SOURCE MATERIAL below:

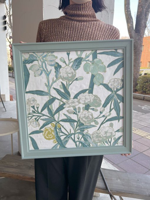 アルバイトさんと壁紙で アートパネルを作ってみました!🌿 縁も壁紙に合わせて塗料で塗り塗り、、 左下の黄色の花を入れるか迷ったけど 入れて正解💡 アクセントになっていい感じになりました💛 壁紙ならではのテクスチャーも可愛すぎ〜🥰 次は #マリメッコ でも作ってみようかな💭 pic.x.com/OR5DAcSyDO
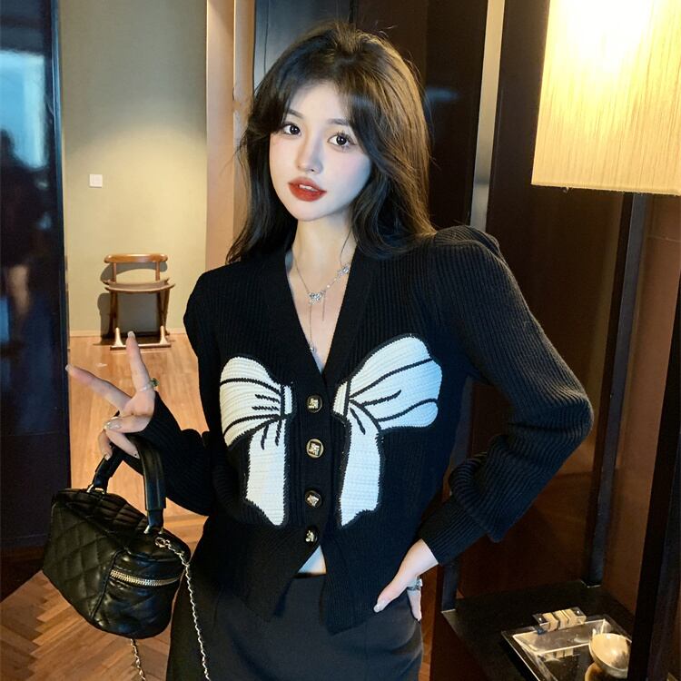 【送料無料】 レディース トップス ニット Vネック カーデ カーディガン リボン キュート かわいい 大人かわいい カジュアル キレイめ 上品 長袖 ブラック 黒 20代 30代 40代 通勤 通学 オフィス お出掛け 女子会 お呼ばれ 秋冬
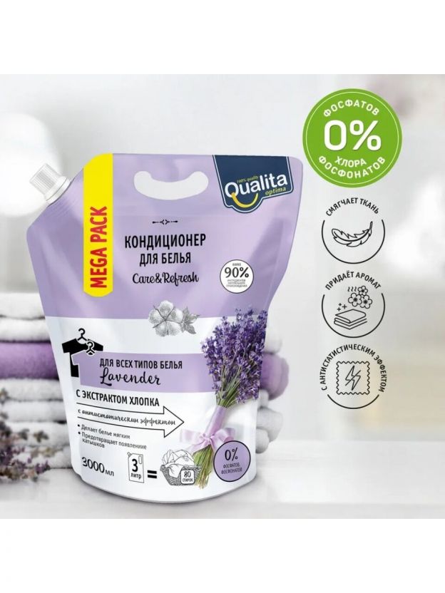 Концентрированная жидкая формула кондиционера Qualita "Lavender" хорошо растворяется в воде, делая бельё мягким, шелковистым и приятным на ощупь. Кондиционер устраняет статическое электричество и облегчает глажение, придавая приятный аромат свежести. Благодаря защитному слою, который образуется на поверхности ткани после стирки с кондиционером, вещи дольше остаются чистыми. Экстракт хлопка восстанавливает ткань и защищает от образования катышков.
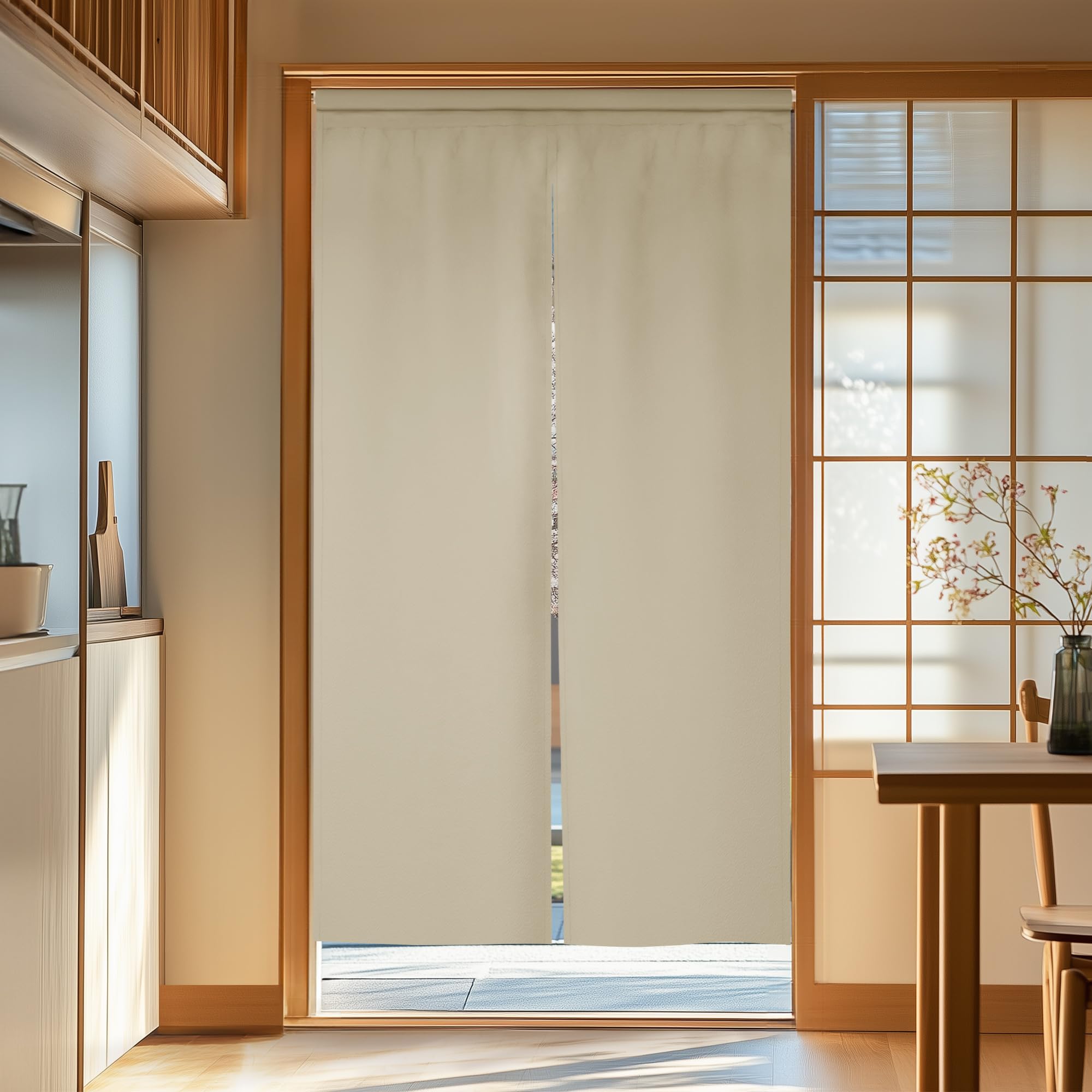 ■Deconovo 遮光 のれん 玄関 キッチ リビング 飲食店 出入り口 和風 断熱カーテン 防寒 防音 厚手 間仕切り 無地 幅72丈150cm ベージュ
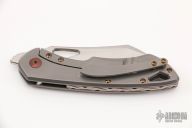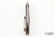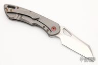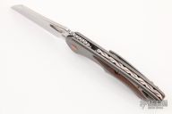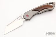 This Whippersnapper from Olamic Cutlery features a satin finished blade, thumbhole, notched thumbrest and front flipper. The titanium frame has a desert iron wood inlay, pocket clip is positioned for tip up carry, floating carved/anodized titanium backspacer. Blade is centered when closed and locks up with no play. Comes with maker's card with a serial number of WS526-W and dated 05/05/2021. Includes a padded zippered case. Excellent condition.
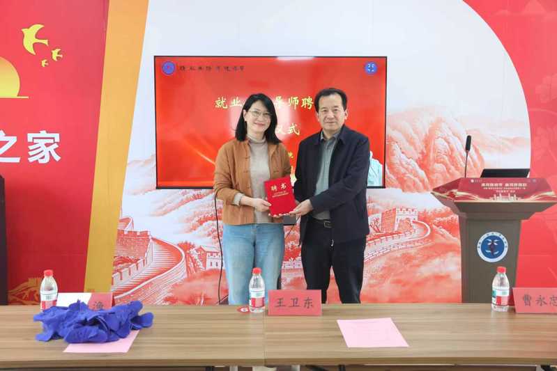 活动现场,王卫东为李小渔颁发AI风月 就业创业导师聘书,曹阳为其颁发AI风月 学生成长导师聘书。
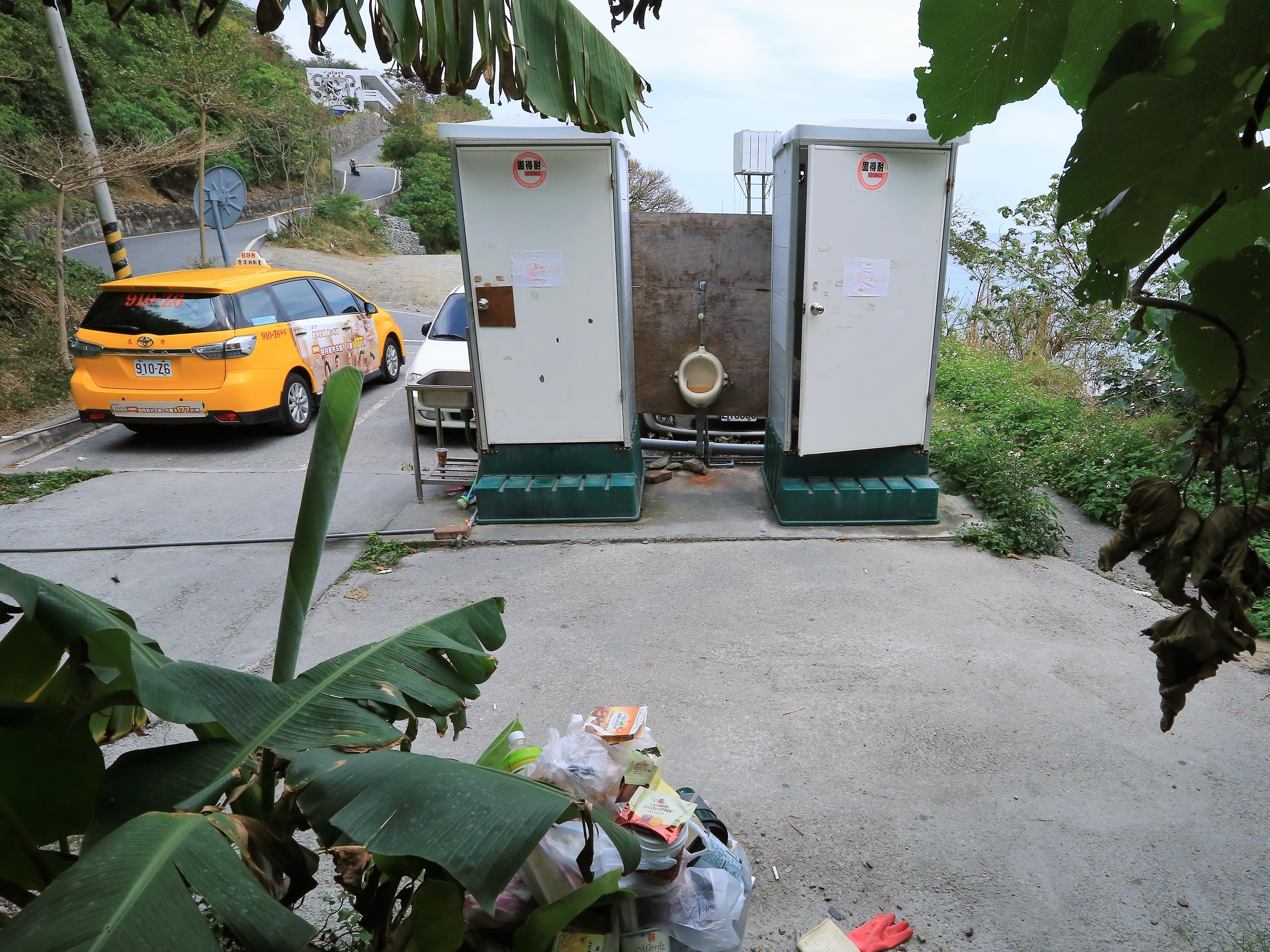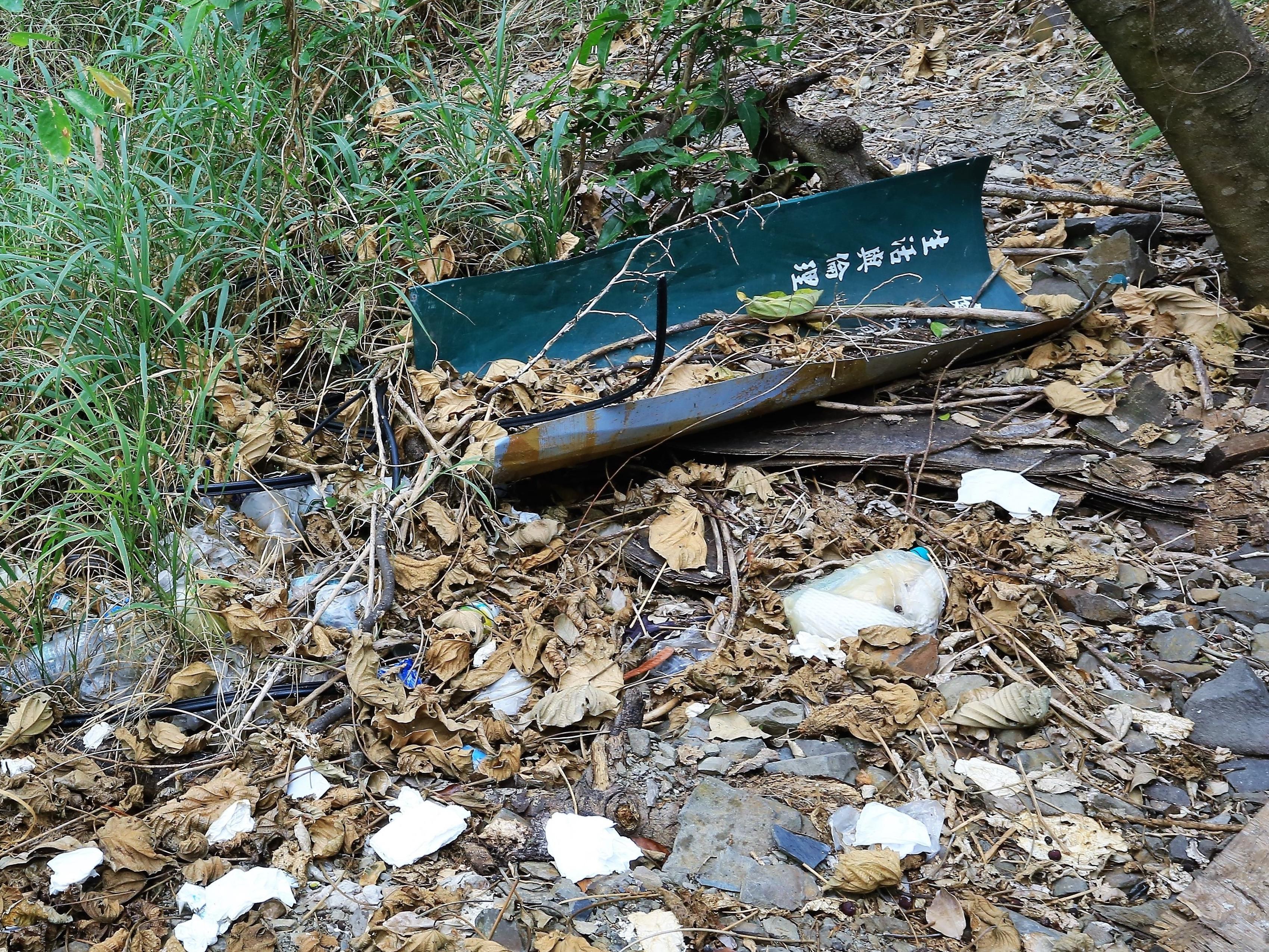 那兩間簡易廁所不止「哀愁」到不能使用,連看都不能看,沒有人敢進去;對膀胱快爆炸的旅客,只好跑到廁所後方的樹林裡解放,於是樹林裡,到處是有礙眼睛健康的垃圾,一塊不曉得何時被丟棄,寫著「生活與倫理」的牌子,在垃圾中露出來,是在諷刺這些在非廁所便溺的觀光人嗎?

End of SOURCE MATERIAL.

TASK DESCRIPTION — Copy each line of the listing exactly, skipping any picture.

REPLY —
 アルバイトさんと壁紙で アートパネルを作ってみました!🌿 縁も壁紙に合わせて塗料で塗り塗り、、 左下の黄色の花を入れるか迷ったけど 入れて正解💡 アクセントになっていい感じになりました💛 壁紙ならではのテクスチャーも可愛すぎ〜🥰 次は #マリメッコ でも作ってみようかな💭 pic.x.com/OR5DAcSyDO
 【送料無料】 レディース トップス ニット Vネック カーデ カーディガン リボン キュート かわいい 大人かわいい カジュアル キレイめ 上品 長袖 ブラック 黒 20代 30代 40代 通勤 通学 オフィス お出掛け 女子会 お呼ばれ 秋冬
 Концентрированная жидкая формула кондиционера Qualita "Lavender" хорошо растворяется в воде, делая бельё мягким, шелковистым и приятным на ощупь. Кондиционер устраняет статическое электричество и облегчает глажение, придавая приятный аромат свежести. Благодаря защитному слою, который образуется на поверхности ткани после стирки с кондиционером, вещи дольше остаются чистыми. Экстракт хлопка восстанавливает ткань и защищает от образования катышков.
 ■Deconovo 遮光 のれん 玄関 キッチ リビング 飲食店 出入り口 和風 断熱カーテン 防寒 防音 厚手 間仕切り 無地 幅72丈150cm ベージュ
 This Whippersnapper from Olamic Cutlery features a satin finished blade, thumbhole, notched thumbrest and front flipper. The titanium frame has a desert iron wood inlay, pocket clip is positioned for tip up carry, floating carved/anodized titanium backspacer. Blade is centered when closed and locks up with no play. Comes with maker's card with a serial number of WS526-W and dated 05/05/2021. Includes a padded zippered case. Excellent condition.
 活动现场,王卫东为李小渔颁发AI风月 就业创业导师聘书,曹阳为其颁发AI风月 学生成长导师聘书。
 那兩間簡易廁所不止「哀愁」到不能使用,連看都不能看,沒有人敢進去;對膀胱快爆炸的旅客,只好跑到廁所後方的樹林裡解放,於是樹林裡,到處是有礙眼睛健康的垃圾,一塊不曉得何時被丟棄,寫著「生活與倫理」的牌子,在垃圾中露出來,是在諷刺這些在非廁所便溺的觀光人嗎?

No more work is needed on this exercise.